Blisters are raised spots visible on the surface of a floor, similar in shape to a blister on human skin. How soon after installation a blister develops can help determine the cause. Blisters are also referred to as bubbles.
- Within a few hours, blisters are usually due to a concentration of trapped air. Possible causes:
- Not rolling a floor when it is required; improper rolling
- Placing the flooring into the adhesive too soon; not allowing the proper open time (preset adhesives)
- Irregular subfloor
- Change in atmospheric pressure (may occur at any time)

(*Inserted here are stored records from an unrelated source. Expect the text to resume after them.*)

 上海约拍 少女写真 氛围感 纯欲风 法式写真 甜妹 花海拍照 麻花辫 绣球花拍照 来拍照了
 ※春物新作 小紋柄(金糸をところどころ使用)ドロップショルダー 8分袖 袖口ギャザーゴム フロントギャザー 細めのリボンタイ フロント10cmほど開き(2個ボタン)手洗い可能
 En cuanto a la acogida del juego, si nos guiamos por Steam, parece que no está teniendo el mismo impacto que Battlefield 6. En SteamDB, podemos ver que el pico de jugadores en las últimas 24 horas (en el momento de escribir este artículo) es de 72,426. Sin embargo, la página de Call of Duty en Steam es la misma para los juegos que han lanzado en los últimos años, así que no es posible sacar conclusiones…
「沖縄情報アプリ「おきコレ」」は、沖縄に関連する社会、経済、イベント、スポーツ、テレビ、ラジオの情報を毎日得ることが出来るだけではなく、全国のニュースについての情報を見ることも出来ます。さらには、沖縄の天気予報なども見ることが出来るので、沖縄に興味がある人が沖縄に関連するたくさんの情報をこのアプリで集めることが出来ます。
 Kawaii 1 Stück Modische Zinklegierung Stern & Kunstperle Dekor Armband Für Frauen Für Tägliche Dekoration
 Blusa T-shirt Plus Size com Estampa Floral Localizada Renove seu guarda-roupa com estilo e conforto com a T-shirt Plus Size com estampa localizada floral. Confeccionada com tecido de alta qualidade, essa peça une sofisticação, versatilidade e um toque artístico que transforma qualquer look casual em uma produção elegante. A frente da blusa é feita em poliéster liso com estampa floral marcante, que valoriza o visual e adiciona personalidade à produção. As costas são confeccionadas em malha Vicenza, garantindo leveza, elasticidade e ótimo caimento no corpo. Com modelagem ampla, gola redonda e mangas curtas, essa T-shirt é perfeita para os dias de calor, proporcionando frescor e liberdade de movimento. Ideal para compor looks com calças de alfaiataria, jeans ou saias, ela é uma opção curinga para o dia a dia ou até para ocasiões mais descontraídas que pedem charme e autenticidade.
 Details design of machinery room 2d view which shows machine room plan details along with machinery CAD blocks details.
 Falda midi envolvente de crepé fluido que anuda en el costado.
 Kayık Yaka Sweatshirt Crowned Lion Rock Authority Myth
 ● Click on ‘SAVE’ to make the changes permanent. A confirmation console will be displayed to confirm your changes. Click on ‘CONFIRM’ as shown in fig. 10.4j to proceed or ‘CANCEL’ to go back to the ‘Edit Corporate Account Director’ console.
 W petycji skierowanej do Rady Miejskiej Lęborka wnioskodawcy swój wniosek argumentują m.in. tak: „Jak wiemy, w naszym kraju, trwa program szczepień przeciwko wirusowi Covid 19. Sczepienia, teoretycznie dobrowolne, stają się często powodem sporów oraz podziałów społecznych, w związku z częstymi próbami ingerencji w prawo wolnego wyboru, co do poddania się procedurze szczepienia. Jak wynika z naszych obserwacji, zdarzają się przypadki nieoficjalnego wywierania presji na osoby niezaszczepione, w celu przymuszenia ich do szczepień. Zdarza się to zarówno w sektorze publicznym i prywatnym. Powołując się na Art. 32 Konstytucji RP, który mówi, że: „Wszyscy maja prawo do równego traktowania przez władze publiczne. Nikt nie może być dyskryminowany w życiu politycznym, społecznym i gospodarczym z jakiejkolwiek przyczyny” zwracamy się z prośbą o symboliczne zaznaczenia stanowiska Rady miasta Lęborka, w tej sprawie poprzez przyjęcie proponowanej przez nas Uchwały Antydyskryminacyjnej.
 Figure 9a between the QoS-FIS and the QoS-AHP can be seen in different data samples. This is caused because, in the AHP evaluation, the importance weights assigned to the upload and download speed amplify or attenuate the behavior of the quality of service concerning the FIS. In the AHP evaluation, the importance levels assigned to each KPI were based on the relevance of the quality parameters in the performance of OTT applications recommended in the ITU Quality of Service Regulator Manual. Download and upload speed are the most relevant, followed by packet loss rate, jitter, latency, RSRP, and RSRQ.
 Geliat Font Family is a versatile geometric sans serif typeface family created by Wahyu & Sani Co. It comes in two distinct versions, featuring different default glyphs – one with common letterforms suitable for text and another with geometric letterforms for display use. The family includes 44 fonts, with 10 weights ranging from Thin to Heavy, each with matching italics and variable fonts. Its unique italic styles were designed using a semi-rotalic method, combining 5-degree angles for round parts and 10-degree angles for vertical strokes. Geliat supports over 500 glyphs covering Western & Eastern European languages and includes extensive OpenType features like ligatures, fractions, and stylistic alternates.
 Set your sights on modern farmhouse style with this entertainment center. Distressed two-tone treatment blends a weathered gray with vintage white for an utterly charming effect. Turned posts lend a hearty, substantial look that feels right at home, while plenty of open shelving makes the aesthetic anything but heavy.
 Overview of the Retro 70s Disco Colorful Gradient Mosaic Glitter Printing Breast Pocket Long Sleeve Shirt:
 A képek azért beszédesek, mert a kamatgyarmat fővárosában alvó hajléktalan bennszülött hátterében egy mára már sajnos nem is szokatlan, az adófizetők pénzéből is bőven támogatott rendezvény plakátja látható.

- At a later time, they often indicate water or vapor pressure in the substrate. Moisture can be present even with a vapor barrier due to punctures in barrier, installing floor before concrete is dry enough, sealer or curing compound on concrete holds water in slab until it eventually breaks down and allows water to escape.
If due to moisture, little can be done. However, if due to moisture because installation was done on green concrete, the slab can be allowed to dry and installation redone. If due to trapped air, puncture blister with a needle or divider point to allow air to escape. If blister is small, it should go down readily by itself. If it is large, the process can be accelerated by heating the area and weighting it down.
Visually, it is better to repair air blisters within the first few days. Injecting additional adhesive under the air blisters is sometimes recommended, but is not always necessary.